[Data excerpts]

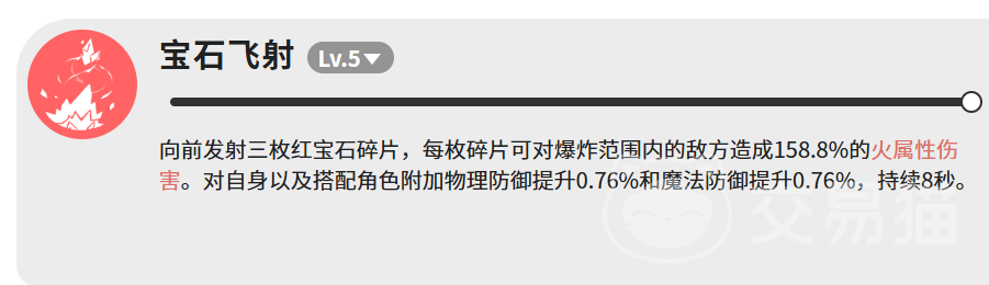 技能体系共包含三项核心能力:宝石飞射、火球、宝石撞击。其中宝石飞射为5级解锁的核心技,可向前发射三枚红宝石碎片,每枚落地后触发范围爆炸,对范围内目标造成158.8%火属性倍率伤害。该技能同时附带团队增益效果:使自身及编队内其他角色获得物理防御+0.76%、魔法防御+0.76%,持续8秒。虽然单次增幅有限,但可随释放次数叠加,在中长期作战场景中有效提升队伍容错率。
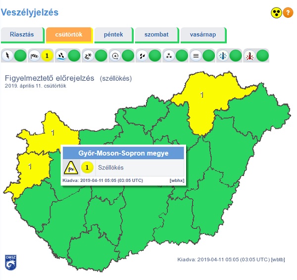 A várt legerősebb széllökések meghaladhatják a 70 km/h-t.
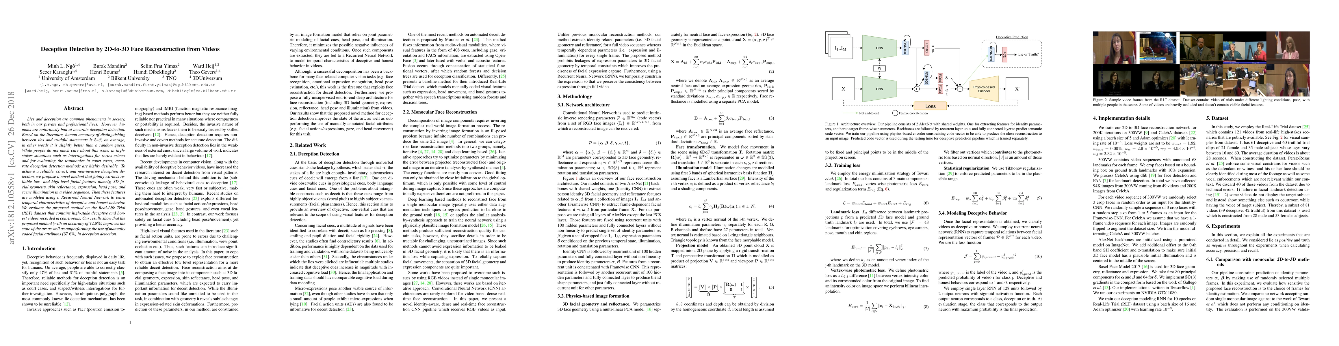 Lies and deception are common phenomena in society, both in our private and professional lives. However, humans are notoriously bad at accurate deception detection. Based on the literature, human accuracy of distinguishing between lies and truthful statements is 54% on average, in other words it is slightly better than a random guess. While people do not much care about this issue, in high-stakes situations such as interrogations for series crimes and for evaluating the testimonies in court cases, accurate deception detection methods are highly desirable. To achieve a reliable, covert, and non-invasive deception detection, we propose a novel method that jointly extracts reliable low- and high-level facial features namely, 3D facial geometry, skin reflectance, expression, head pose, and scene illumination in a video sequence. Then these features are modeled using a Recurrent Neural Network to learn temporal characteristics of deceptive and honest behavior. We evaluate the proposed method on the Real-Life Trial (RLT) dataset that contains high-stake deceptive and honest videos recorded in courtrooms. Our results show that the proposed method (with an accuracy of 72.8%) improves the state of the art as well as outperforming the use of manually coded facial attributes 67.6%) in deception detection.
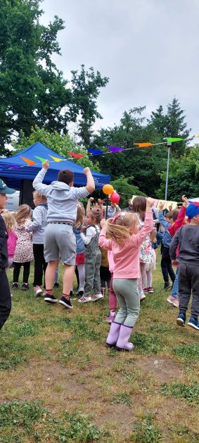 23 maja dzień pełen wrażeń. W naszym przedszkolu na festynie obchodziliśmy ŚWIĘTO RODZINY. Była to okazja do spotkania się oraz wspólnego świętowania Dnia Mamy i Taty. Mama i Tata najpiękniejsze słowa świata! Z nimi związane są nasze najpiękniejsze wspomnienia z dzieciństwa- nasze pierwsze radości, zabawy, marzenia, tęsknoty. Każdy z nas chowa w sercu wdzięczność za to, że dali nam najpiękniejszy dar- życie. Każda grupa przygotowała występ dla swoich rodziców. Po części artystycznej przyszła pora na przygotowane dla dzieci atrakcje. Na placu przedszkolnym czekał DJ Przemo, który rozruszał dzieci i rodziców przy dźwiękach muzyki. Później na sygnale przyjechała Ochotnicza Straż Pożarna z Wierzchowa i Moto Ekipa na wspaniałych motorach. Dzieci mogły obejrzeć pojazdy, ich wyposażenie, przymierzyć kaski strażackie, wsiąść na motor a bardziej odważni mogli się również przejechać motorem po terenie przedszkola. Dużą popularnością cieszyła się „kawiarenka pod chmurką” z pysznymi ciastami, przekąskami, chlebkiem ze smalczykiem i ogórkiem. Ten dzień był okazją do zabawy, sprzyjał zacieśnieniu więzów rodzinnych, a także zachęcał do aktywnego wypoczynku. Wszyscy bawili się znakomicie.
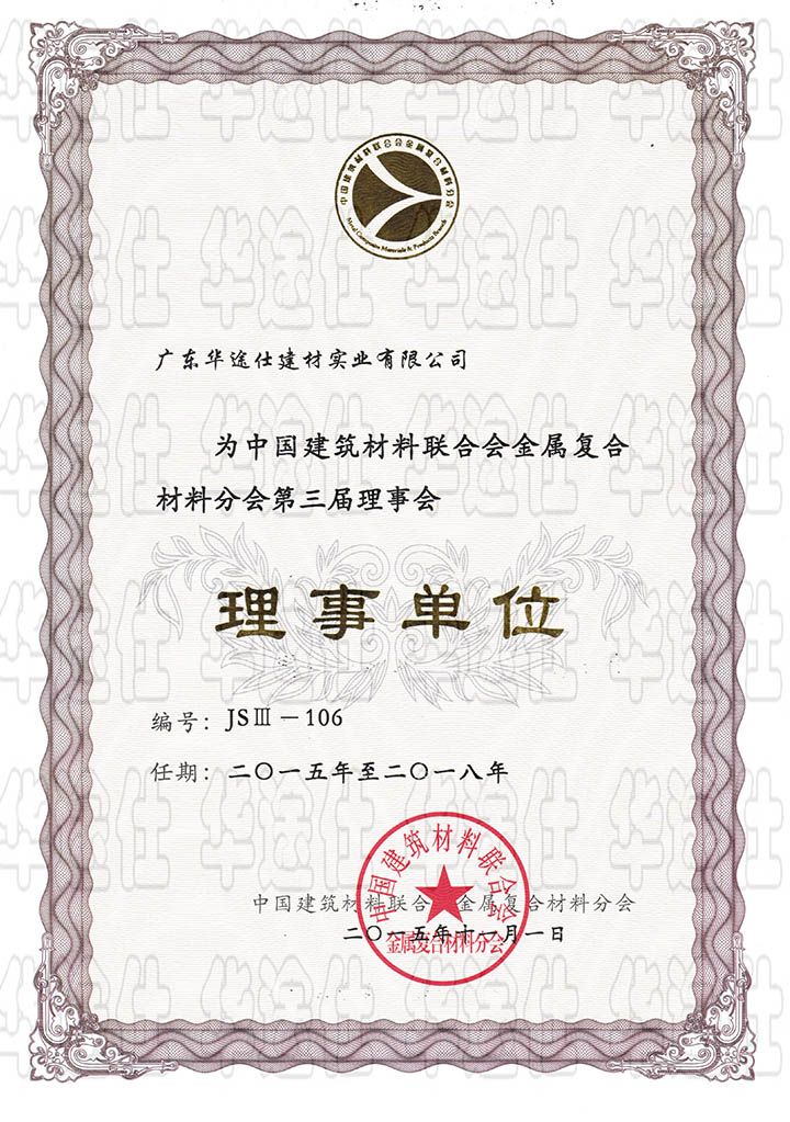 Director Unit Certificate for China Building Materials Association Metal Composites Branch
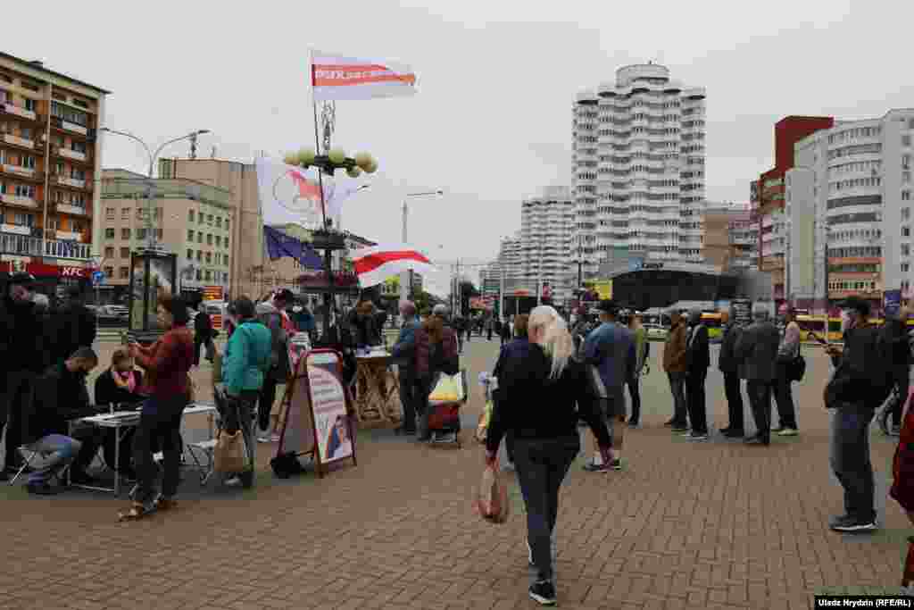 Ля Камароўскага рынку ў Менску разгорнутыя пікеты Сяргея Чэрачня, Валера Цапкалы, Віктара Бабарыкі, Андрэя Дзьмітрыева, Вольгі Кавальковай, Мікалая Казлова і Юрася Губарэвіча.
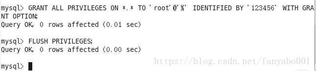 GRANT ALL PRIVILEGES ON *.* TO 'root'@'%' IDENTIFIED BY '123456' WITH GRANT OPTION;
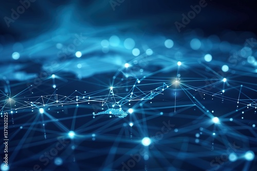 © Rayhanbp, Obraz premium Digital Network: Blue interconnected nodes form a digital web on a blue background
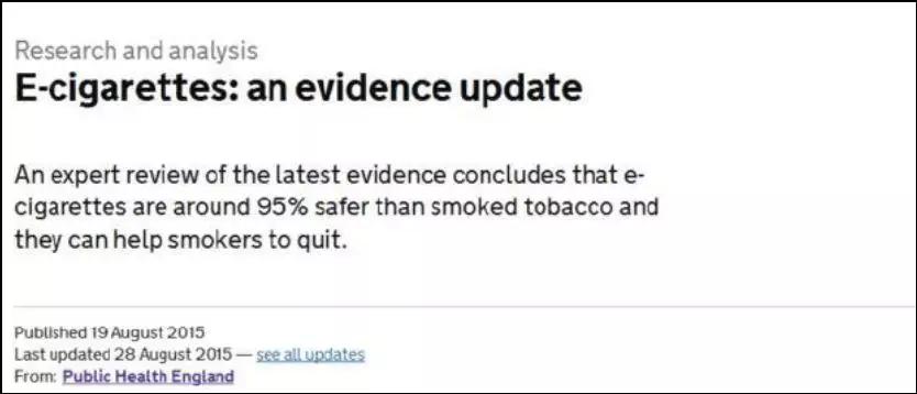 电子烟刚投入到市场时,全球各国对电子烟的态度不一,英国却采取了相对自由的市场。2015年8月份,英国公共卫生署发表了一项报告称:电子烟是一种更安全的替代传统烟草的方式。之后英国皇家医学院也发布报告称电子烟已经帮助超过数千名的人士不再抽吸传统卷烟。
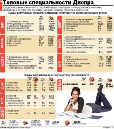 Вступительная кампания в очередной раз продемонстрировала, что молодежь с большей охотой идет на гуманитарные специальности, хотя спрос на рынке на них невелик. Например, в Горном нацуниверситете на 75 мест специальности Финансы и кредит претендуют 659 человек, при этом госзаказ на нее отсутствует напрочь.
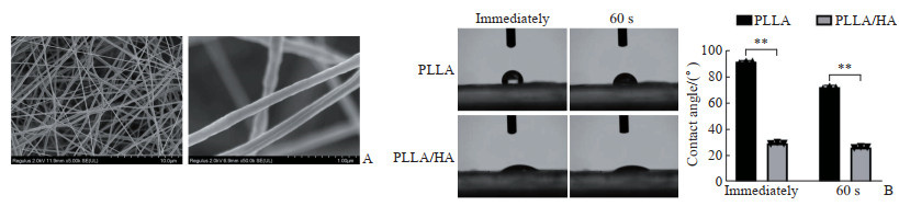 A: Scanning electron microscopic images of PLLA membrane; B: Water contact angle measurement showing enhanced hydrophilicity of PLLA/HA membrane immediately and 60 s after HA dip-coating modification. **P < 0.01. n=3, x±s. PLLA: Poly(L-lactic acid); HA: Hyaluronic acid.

--- What to work on ---
Leave the pictures out and restate exactly the lines from the one that has "GRANT ALL PRIVILEGES" through the final line of the entries above, both ends included.

--- Solution ---
 GRANT ALL PRIVILEGES ON *.* TO 'root'@'%' IDENTIFIED BY '123456' WITH GRANT OPTION;
 © Rayhanbp, Obraz premium Digital Network: Blue interconnected nodes form a digital web on a blue background
 电子烟刚投入到市场时,全球各国对电子烟的态度不一,英国却采取了相对自由的市场。2015年8月份,英国公共卫生署发表了一项报告称:电子烟是一种更安全的替代传统烟草的方式。之后英国皇家医学院也发布报告称电子烟已经帮助超过数千名的人士不再抽吸传统卷烟。
 Вступительная кампания в очередной раз продемонстрировала, что молодежь с большей охотой идет на гуманитарные специальности, хотя спрос на рынке на них невелик. Например, в Горном нацуниверситете на 75 мест специальности Финансы и кредит претендуют 659 человек, при этом госзаказ на нее отсутствует напрочь.
 A: Scanning electron microscopic images of PLLA membrane; B: Water contact angle measurement showing enhanced hydrophilicity of PLLA/HA membrane immediately and 60 s after HA dip-coating modification. **P < 0.01. n=3, x±s. PLLA: Poly(L-lactic acid); HA: Hyaluronic acid.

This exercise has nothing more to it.